Ranking teams using Discrete Time Markov Chains

9 minute read

Ranking methods are an essential tool in making decisions. They have many applications from sports to web searches to recommender systems. One of the most popular ranking algorithm is Google’s Page Rank algorithm that also uses the notion of Markov Chains in some capacity. In this post we use Discrete Time Markov Chains (DTMC’s) to rank 32 NFL teams after the regular season.

Introduction

The National Football League (NFL) is a professional American football league consisting of 32 teams, divided equally between the National Football Conference (NFC) and the American Football Conference (AFC). Both conferences consist of four four-team divisions. Each team plays 16 regular-season games; thus, teams do not play all other teams during a single regular season. We will be using scores from the 2007 regular season, can be downloaded from: link.

Modelling

Naturally, we will consider each team to correspond to each state in the Markov chain.

Therefore, Our state space will be the total no. of football teams in NFL represented as \(X_n \forall n \in {0,1,2...31}\).

We introduce a new paramter \(F\) i.e Football fans where \(f\) is an individual fan.

Initially, we assume that football fans are equally distributed among all the teams i.e \(F_0 = F_1 = F_2 = ... = F_{31}\)

Then,

\(\exists\) \(P_{i,j}\) \(\forall\) \(i = j\) i.e Transition exists for all the teams that have played each other

\(\nexists\) \(P_{i,j}\) \(\forall\) \(i \ne j\) i.e Transition does not exist for all the teams that have not played each other

Based on the values of scores (subjective to the approach used), we assume that after each match a fan makes a decision to move i.e switch allegiance from one team to another. Eventually, we consider the team with the highest no. of fans to be ranked 1.

Note that, movement of fans here is an arbitirary concept and it is the same as saying chances of winning the Vince Lombardi Trophy, \(t\), where after each match \(t\) moves from team \(i \longrightarrow j\) or \(j \longrightarrow i\). So, in conclusion here we are simply equating \(F\) (No. of fans) to chances of winning the trophy.

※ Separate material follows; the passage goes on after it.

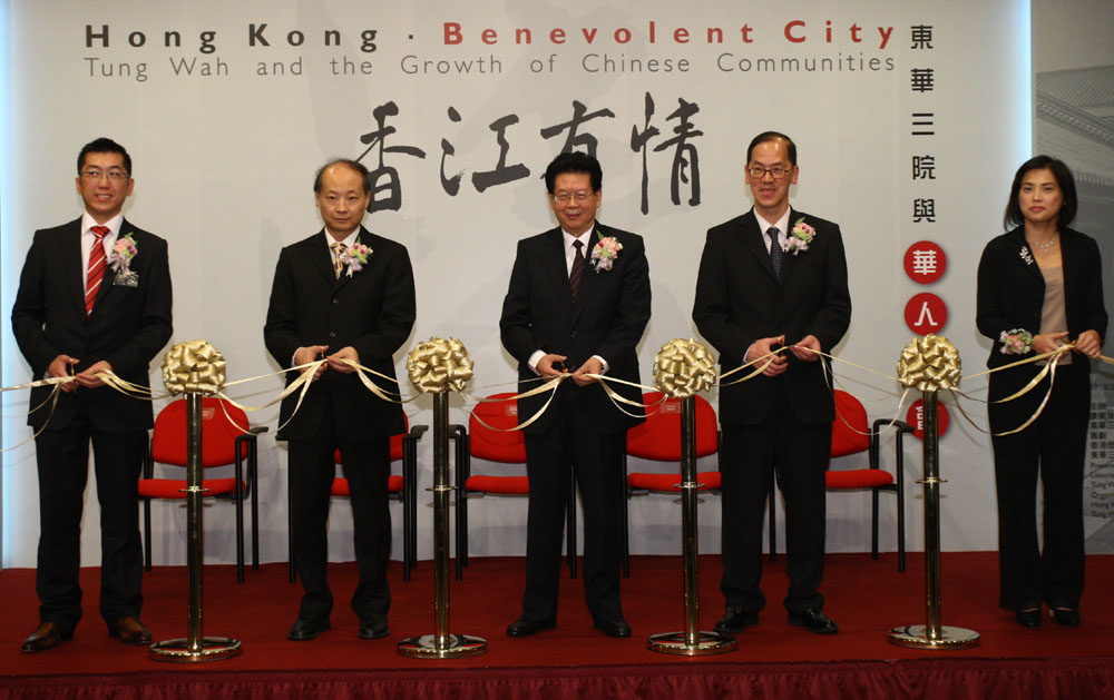 開幕儀式於昨午六時開始,主禮嘉賓有全國政協常務委員暨文史和學習委員會主任陳福今、外交部駐港特派員公署副特派員詹永新、民政事務局局長曾德成、香港東華三院董事局主席梁定宇、康樂及文化事務署署長馮程淑儀。在傳媒預展上,東華三院檔案及歷史文化總主任史秀英,以及歷史博物館館長(展覽及研究)林國輝介紹了展覽內容。

With this construct we can say that our problem is a first order Markov Chain as

\(P(X_{n+1} = j| X_n = i )\) and \(P(X_{n+1} = i| X_n = j)\).

Approach 1 : Using both PtsW and PtsL

In the first approach we will be utilising the points won (PtsW) and points lost (PtsL) by each team.

data = pd.read_csv('data_2007.csv') #reading in the file
data = data.rename(index = str, columns = {"Winner/tie": "Winner", "Loser/tie": "Loser"})
data.Winner.isnull() #256 to 267 rows are null i.e Playoff rows
data = data[0:256]
list(data.columns) #names of all the columns

In this approach at each iteration,

\[f_{i,k} \longrightarrow f_{j,k+1}\]

A fan moves from losing team to winning team based on PtsW i.e points scored by the winning team

\[f_{j,k} \longrightarrow f_{i,k+1}\]

A fan moves from the winning team to losing team based on PtsL i.e points scored by the losing team

Note that, in this case a fan does not move from the same team to itself i.e \(f_{i,k} \not\to f_{i,k+1}\) as we are explicitly using scores and there is naturally no PtsW and PtsL data for a team against itself. Therefore, by extension: \(\nexists P_{i,i} \forall i\)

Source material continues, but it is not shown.